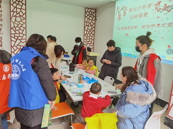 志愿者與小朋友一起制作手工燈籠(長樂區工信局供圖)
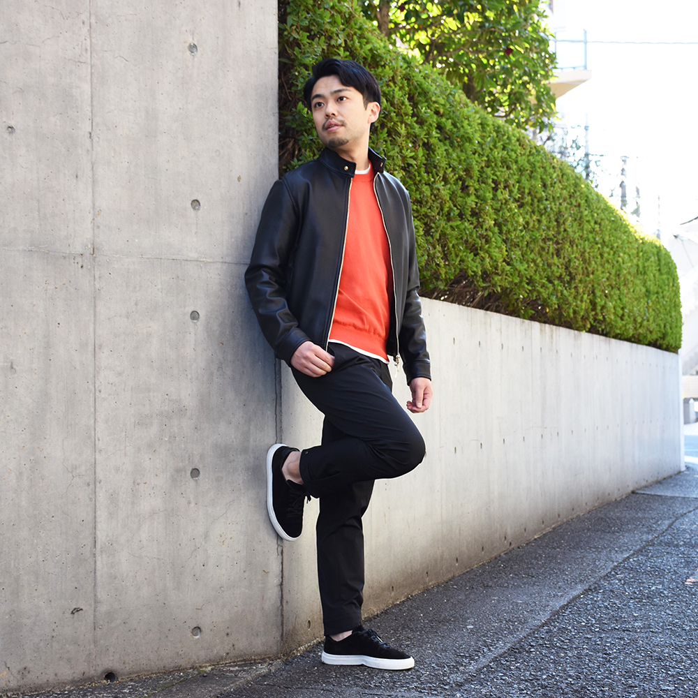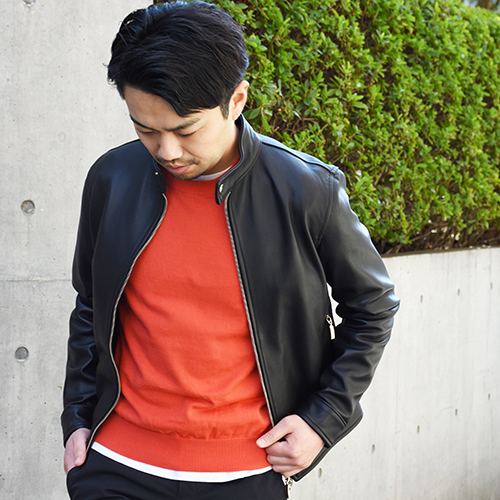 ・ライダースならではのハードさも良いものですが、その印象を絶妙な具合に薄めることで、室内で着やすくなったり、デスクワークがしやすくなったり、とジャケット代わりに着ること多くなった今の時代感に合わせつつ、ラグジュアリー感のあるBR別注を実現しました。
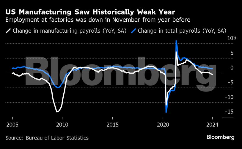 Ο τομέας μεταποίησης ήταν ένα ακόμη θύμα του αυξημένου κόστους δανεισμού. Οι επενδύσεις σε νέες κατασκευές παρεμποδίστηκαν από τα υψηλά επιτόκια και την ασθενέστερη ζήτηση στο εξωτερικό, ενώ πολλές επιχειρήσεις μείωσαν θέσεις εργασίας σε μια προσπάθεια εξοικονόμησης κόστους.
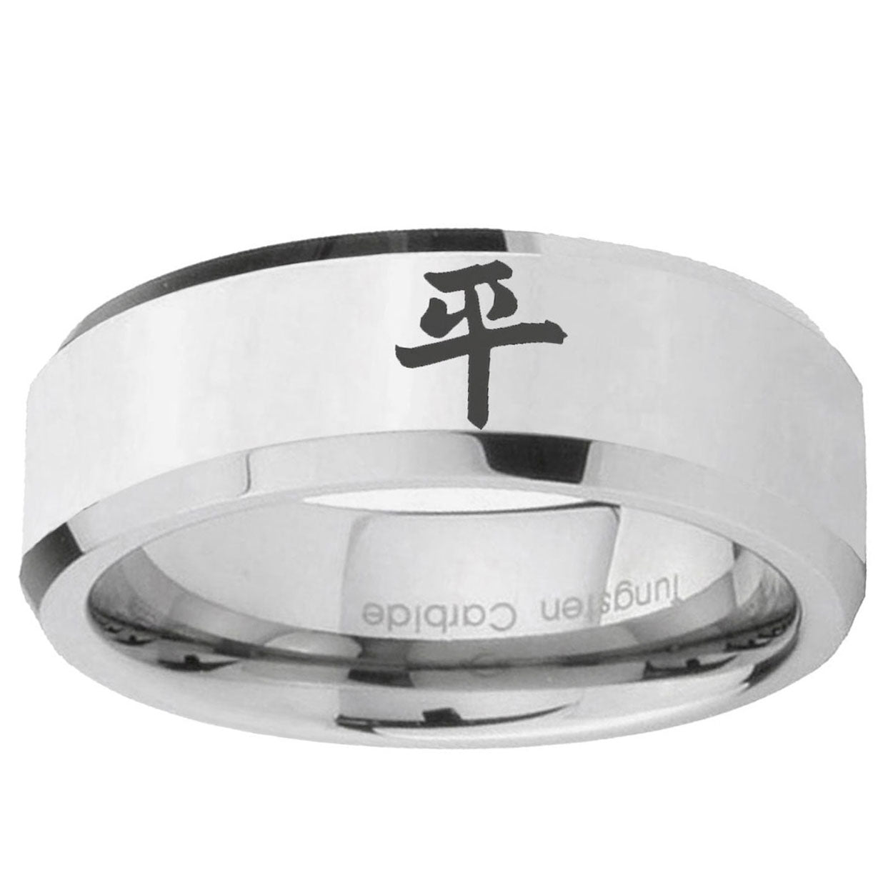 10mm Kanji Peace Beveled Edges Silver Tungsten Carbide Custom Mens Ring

==========

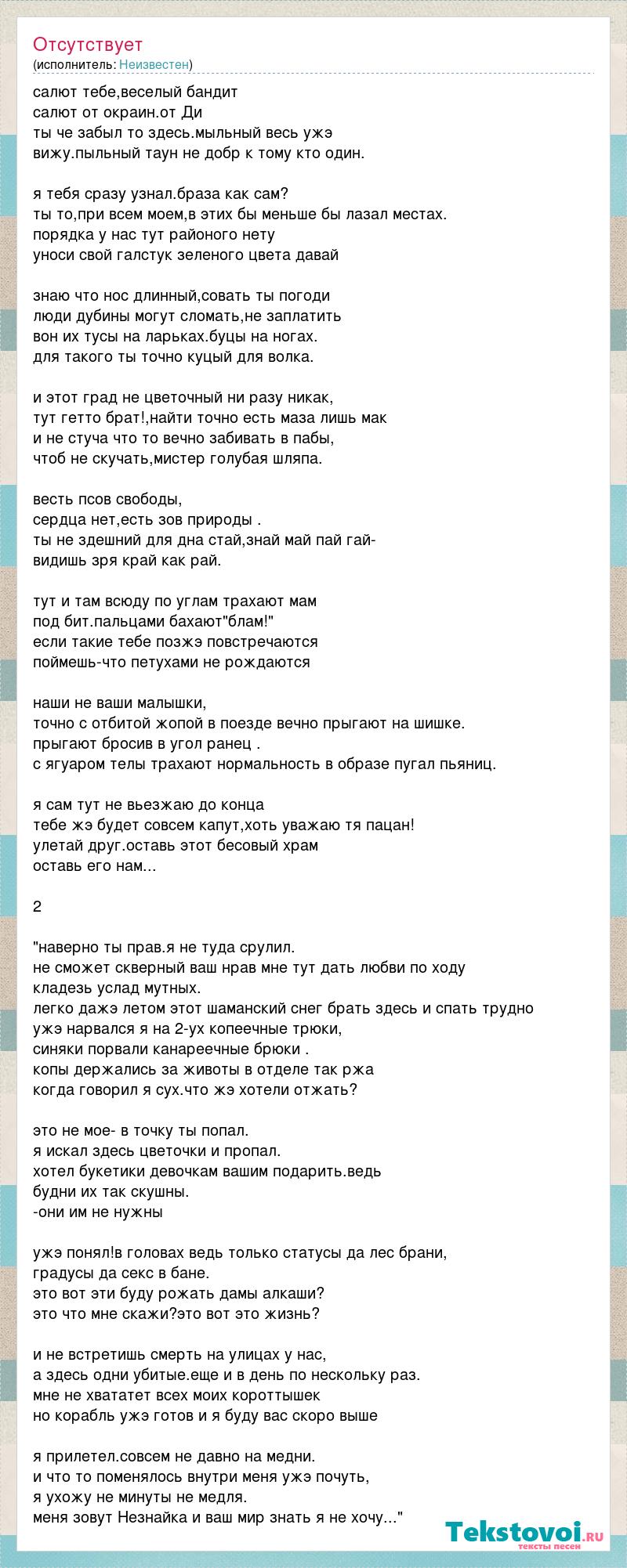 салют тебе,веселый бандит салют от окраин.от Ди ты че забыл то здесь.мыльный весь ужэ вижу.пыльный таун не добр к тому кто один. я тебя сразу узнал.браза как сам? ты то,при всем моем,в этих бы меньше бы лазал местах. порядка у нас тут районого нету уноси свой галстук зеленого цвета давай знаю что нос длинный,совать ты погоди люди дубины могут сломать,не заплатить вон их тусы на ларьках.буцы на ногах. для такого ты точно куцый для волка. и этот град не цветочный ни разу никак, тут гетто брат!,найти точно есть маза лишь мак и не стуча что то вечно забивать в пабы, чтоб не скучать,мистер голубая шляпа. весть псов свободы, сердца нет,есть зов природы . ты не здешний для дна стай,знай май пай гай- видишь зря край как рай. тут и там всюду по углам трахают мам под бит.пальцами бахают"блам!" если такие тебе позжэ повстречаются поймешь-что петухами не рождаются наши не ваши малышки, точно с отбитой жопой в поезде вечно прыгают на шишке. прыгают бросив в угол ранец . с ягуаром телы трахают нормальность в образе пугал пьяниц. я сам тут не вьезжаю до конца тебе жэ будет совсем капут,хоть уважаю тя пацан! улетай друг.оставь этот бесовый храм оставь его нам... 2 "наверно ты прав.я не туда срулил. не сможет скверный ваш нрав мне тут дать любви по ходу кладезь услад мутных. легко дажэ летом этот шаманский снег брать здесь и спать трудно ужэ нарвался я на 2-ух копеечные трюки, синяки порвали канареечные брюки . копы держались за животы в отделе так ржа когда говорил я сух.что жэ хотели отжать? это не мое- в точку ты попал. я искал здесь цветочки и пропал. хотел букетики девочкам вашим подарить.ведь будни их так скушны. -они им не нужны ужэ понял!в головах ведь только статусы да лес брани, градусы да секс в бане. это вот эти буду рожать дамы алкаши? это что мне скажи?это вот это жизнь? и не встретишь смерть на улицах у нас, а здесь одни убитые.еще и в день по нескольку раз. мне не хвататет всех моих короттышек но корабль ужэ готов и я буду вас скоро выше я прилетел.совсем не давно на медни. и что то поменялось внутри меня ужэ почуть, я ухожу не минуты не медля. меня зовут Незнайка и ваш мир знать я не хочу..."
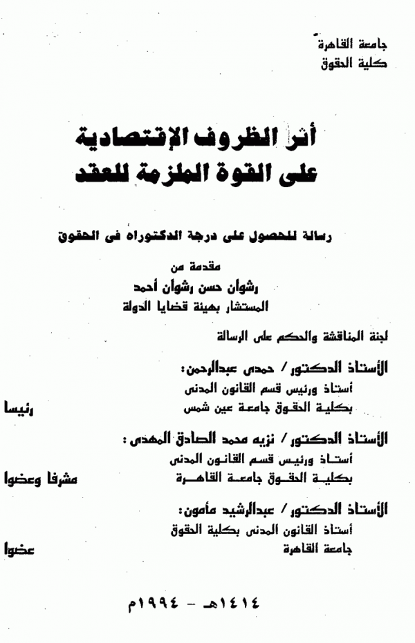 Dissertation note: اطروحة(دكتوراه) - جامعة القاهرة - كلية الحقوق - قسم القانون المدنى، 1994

==========

> [TASK PROMPT] Starting at the line with "志愿者與小朋友一起制作手工燈籠(長樂區工信局供圖)" and finishing at the line with "Ο τομέας μεταποίησης", copy the material above exactly, both lines included. Nothing else goes in, and no pictures.

> [ANSWER SECTION]
 志愿者與小朋友一起制作手工燈籠(長樂區工信局供圖)
 ・ライダースならではのハードさも良いものですが、その印象を絶妙な具合に薄めることで、室内で着やすくなったり、デスクワークがしやすくなったり、とジャケット代わりに着ること多くなった今の時代感に合わせつつ、ラグジュアリー感のあるBR別注を実現しました。
 Ο τομέας μεταποίησης ήταν ένα ακόμη θύμα του αυξημένου κόστους δανεισμού. Οι επενδύσεις σε νέες κατασκευές παρεμποδίστηκαν από τα υψηλά επιτόκια και την ασθενέστερη ζήτηση στο εξωτερικό, ενώ πολλές επιχειρήσεις μείωσαν θέσεις εργασίας σε μια προσπάθεια εξοικονόμησης κόστους.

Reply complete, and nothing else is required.